→ **Aim of the task**
In the listing below, find each line that holds "comfort" and list it.

→ **Supplied information**
+--

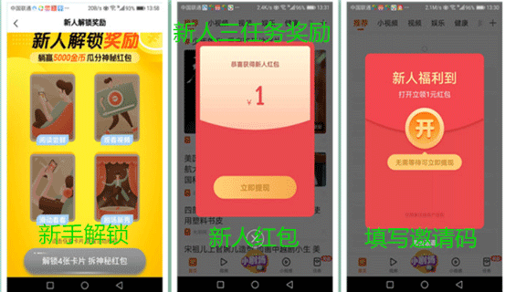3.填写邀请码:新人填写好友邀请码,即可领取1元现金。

+--

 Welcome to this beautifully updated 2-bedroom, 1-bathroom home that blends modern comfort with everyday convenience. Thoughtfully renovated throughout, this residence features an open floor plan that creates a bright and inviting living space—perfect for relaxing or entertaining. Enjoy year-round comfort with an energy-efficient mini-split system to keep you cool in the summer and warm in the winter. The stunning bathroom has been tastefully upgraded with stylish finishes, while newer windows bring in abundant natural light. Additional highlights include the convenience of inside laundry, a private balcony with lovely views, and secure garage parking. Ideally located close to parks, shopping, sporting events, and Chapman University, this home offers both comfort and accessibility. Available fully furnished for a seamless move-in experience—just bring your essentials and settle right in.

+--

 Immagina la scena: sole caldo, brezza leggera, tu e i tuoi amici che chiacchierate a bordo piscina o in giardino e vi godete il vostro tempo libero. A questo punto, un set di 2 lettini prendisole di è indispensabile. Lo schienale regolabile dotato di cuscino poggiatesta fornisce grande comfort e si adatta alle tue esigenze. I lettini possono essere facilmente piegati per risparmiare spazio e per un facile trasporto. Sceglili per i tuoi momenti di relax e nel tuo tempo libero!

+--

→ **Reply to the task**
 Welcome to this beautifully updated 2-bedroom, 1-bathroom home that blends modern comfort with everyday convenience. Thoughtfully renovated throughout, this residence features an open floor plan that creates a bright and inviting living space—perfect for relaxing or entertaining. Enjoy year-round comfort with an energy-efficient mini-split system to keep you cool in the summer and warm in the winter. The stunning bathroom has been tastefully upgraded with stylish finishes, while newer windows bring in abundant natural light. Additional highlights include the convenience of inside laundry, a private balcony with lovely views, and secure garage parking. Ideally located close to parks, shopping, sporting events, and Chapman University, this home offers both comfort and accessibility. Available fully furnished for a seamless move-in experience—just bring your essentials and settle right in.
 Immagina la scena: sole caldo, brezza leggera, tu e i tuoi amici che chiacchierate a bordo piscina o in giardino e vi godete il vostro tempo libero. A questo punto, un set di 2 lettini prendisole di è indispensabile. Lo schienale regolabile dotato di cuscino poggiatesta fornisce grande comfort e si adatta alle tue esigenze. I lettini possono essere facilmente piegati per risparmiare spazio e per un facile trasporto. Sceglili per i tuoi momenti di relax e nel tuo tempo libero!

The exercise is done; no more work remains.